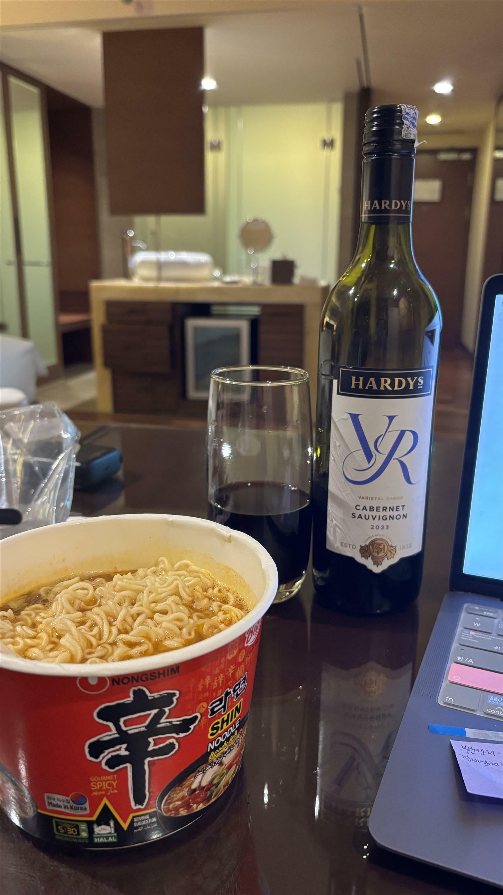 지금은 호텔방에서 신라면 컵라면에 와인을 마시면서 이 글을 쓰고 있다.
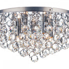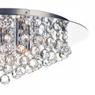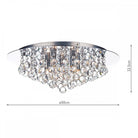 Featuring rings of faceted crystal drops and a polished chrome ceiling plate, the PLUTO 5lt Flush fitting comes fully assembled.
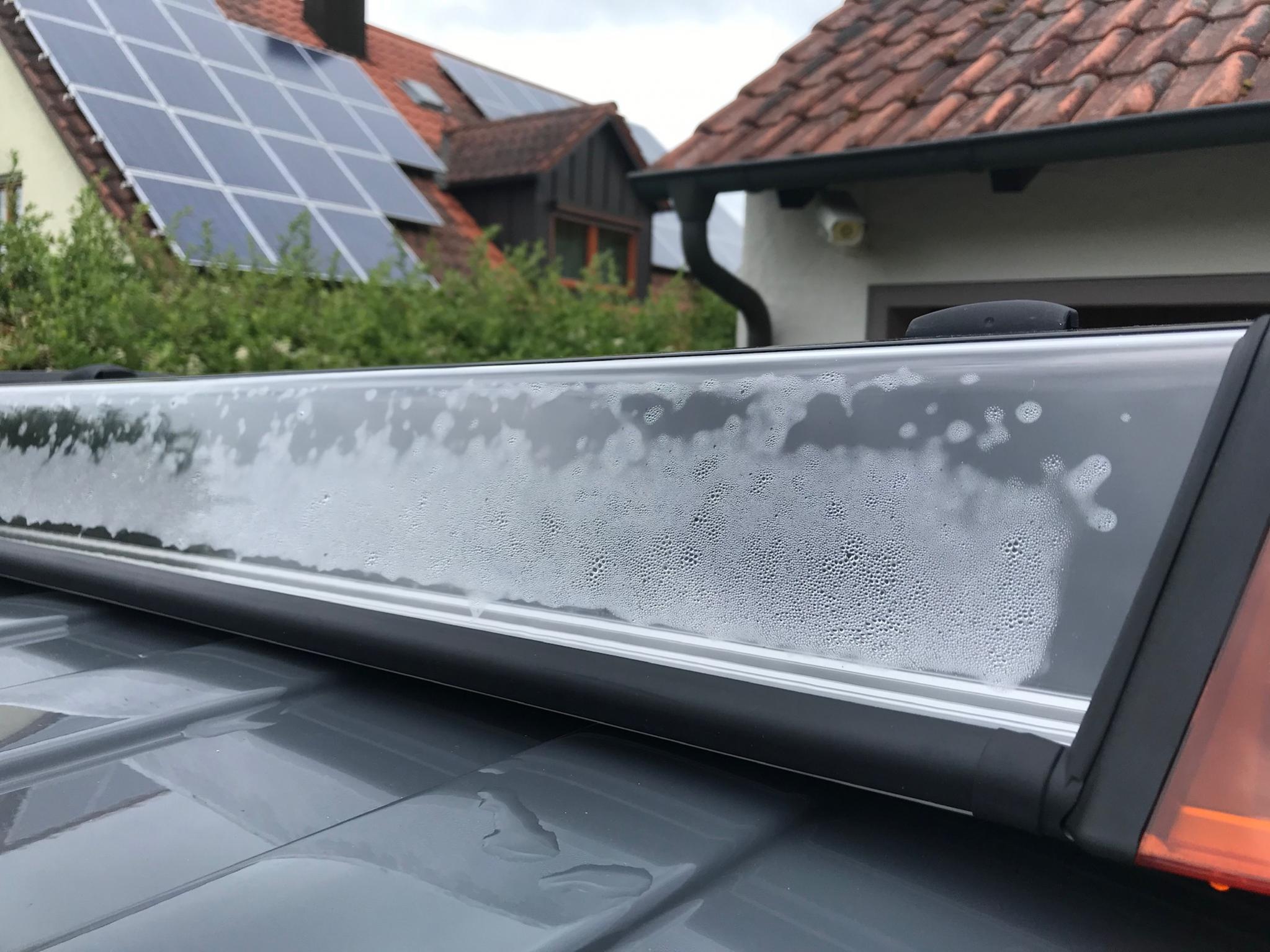 Das sind schon neue Zirkon Z2 mit den beiden Entlüftungselementen im Deckelprofil, die Balken trocken auch nach längerer Fahrt nicht aus.
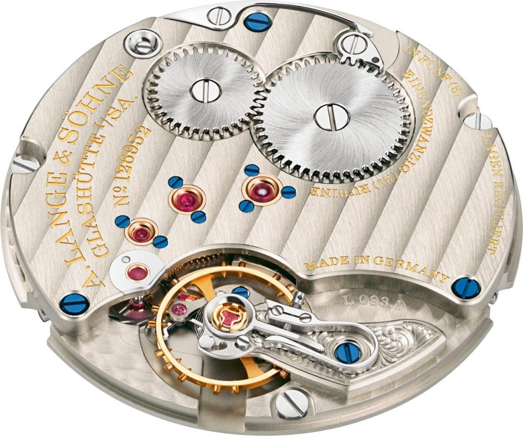 | Mouvement | Calibre L093.1 de manufacture Lange ; remontage manuel, fabriqué selon les plus hauts critères de qualité Lange, décoré et assemblé à la main ; réglage de précision en cinq positions ; platines et ponts en maillechort non traité ; coq de balancier gravé à la main |
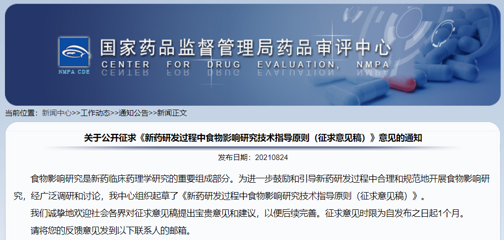 關于公開征求《新藥研發過程中食物影響研究技術指導原則(征求意見稿)》意見的通知
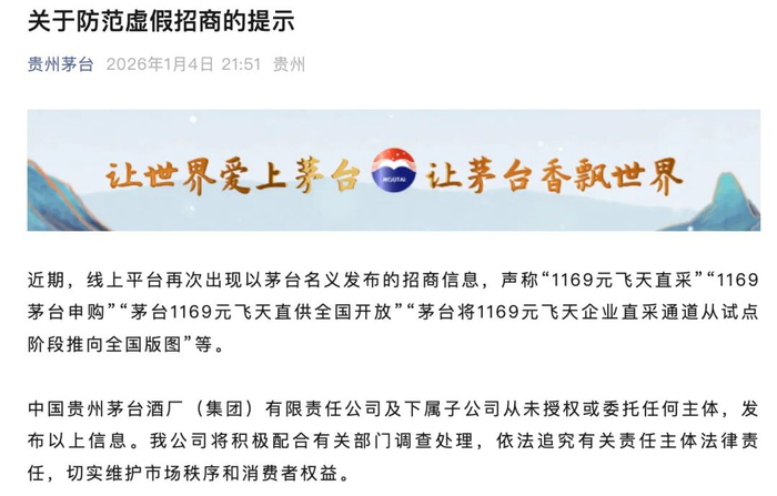 1月4日,贵州茅台通过官方公众号发布《关于防范虚假招商的提示》,明确指出,“1169茅台申购”“茅台1169元飞天直供全国开放”“茅台将1169元飞天企业直采通道从试点阶段推向全国版图”等消息均为虚假招商。
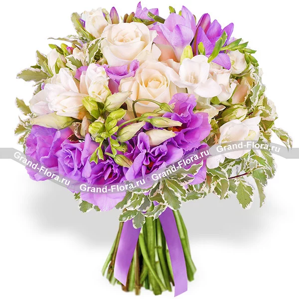 Стандарный: роза белая - 3 шт., эустома фиолетовая - 2 шт., фрезия белая - 2 шт., фрезия фиолетовая - 2 шт., декоративная зелень., упаковка, лента.
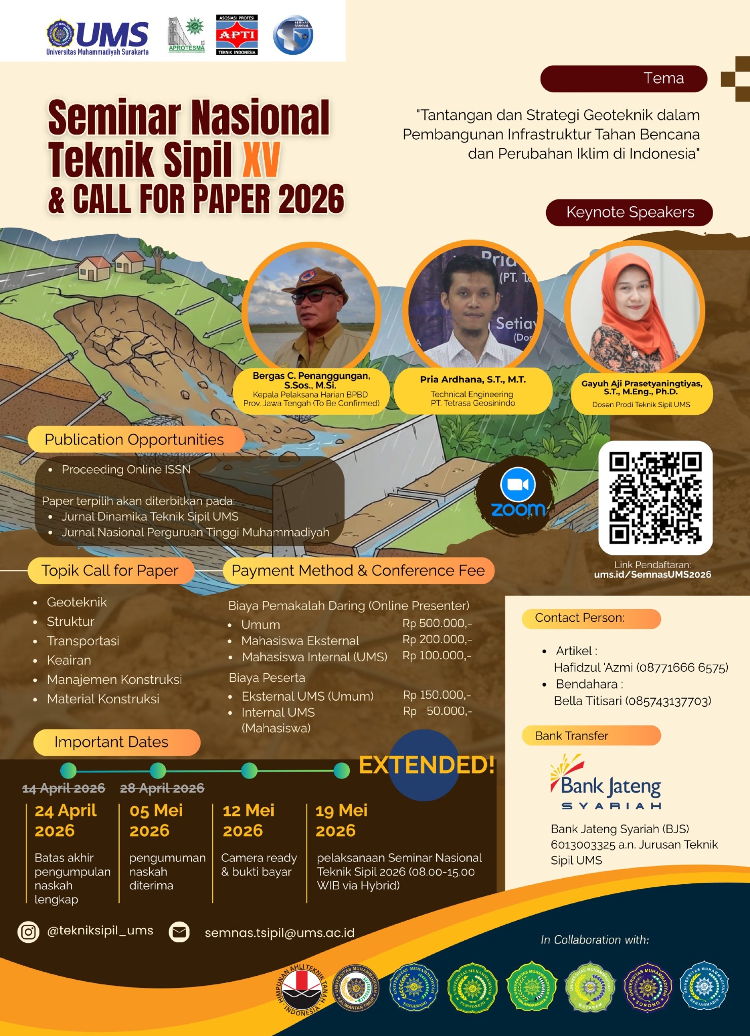 Menyikapi urgensi nasional ini, Program Studi Teknik Sipil dengan bangga mempersembahkan Seminar Nasional Teknik Sipil ke-XV Universitas Muhammadiyah Surakarta Tahun 2026 . Mengusung tema besar "Tantangan dan Strategi Geoteknik dalam Pembangunan Infrastruktur Tahan Bencana dan Perubahan Iklim di Indonesia" , forum ini diharapkan menjadi wadah pertukaran ilmu antara praktisi industri, akademisi, dan mahasiswa untuk merumuskan solusi konstruksi masa depan. Melalui paparan komprehensif dari para pemangku kebijakan, pakar geoteknik, dan sesi diseminasi hasil riset (Call for Paper), seminar ini didedikasikan untuk melahirkan gagasan solutif demi mewujudkan pembangunan infrastruktur Indonesia yang aman, inovatif, dan berkelanjutan.
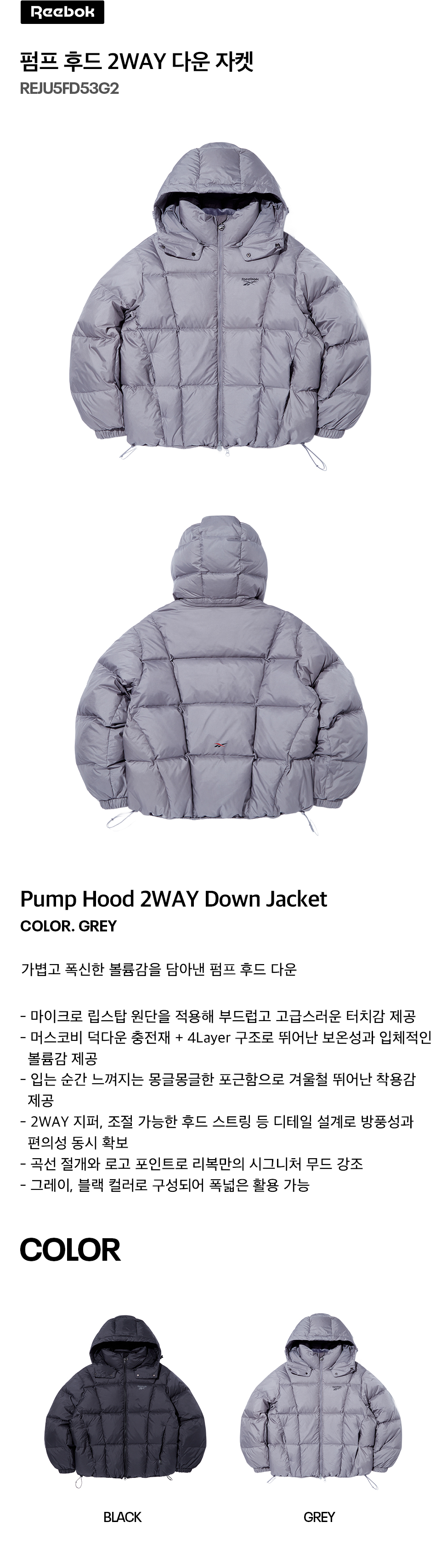 리복 펌프 후드 2WAY 다운 자켓 그레이

- _PROBLEM TO SOLVE_: Set every entry down again exactly as written, and omit the images.

- _RESPONSE BELOW_:
 지금은 호텔방에서 신라면 컵라면에 와인을 마시면서 이 글을 쓰고 있다.
 Featuring rings of faceted crystal drops and a polished chrome ceiling plate, the PLUTO 5lt Flush fitting comes fully assembled.
 Das sind schon neue Zirkon Z2 mit den beiden Entlüftungselementen im Deckelprofil, die Balken trocken auch nach längerer Fahrt nicht aus.
 | Mouvement | Calibre L093.1 de manufacture Lange ; remontage manuel, fabriqué selon les plus hauts critères de qualité Lange, décoré et assemblé à la main ; réglage de précision en cinq positions ; platines et ponts en maillechort non traité ; coq de balancier gravé à la main |
 關于公開征求《新藥研發過程中食物影響研究技術指導原則(征求意見稿)》意見的通知
 1月4日,贵州茅台通过官方公众号发布《关于防范虚假招商的提示》,明确指出,“1169茅台申购”“茅台1169元飞天直供全国开放”“茅台将1169元飞天企业直采通道从试点阶段推向全国版图”等消息均为虚假招商。
 Стандарный: роза белая - 3 шт., эустома фиолетовая - 2 шт., фрезия белая - 2 шт., фрезия фиолетовая - 2 шт., декоративная зелень., упаковка, лента.
 Menyikapi urgensi nasional ini, Program Studi Teknik Sipil dengan bangga mempersembahkan Seminar Nasional Teknik Sipil ke-XV Universitas Muhammadiyah Surakarta Tahun 2026 . Mengusung tema besar "Tantangan dan Strategi Geoteknik dalam Pembangunan Infrastruktur Tahan Bencana dan Perubahan Iklim di Indonesia" , forum ini diharapkan menjadi wadah pertukaran ilmu antara praktisi industri, akademisi, dan mahasiswa untuk merumuskan solusi konstruksi masa depan. Melalui paparan komprehensif dari para pemangku kebijakan, pakar geoteknik, dan sesi diseminasi hasil riset (Call for Paper), seminar ini didedikasikan untuk melahirkan gagasan solutif demi mewujudkan pembangunan infrastruktur Indonesia yang aman, inovatif, dan berkelanjutan.
 리복 펌프 후드 2WAY 다운 자켓 그레이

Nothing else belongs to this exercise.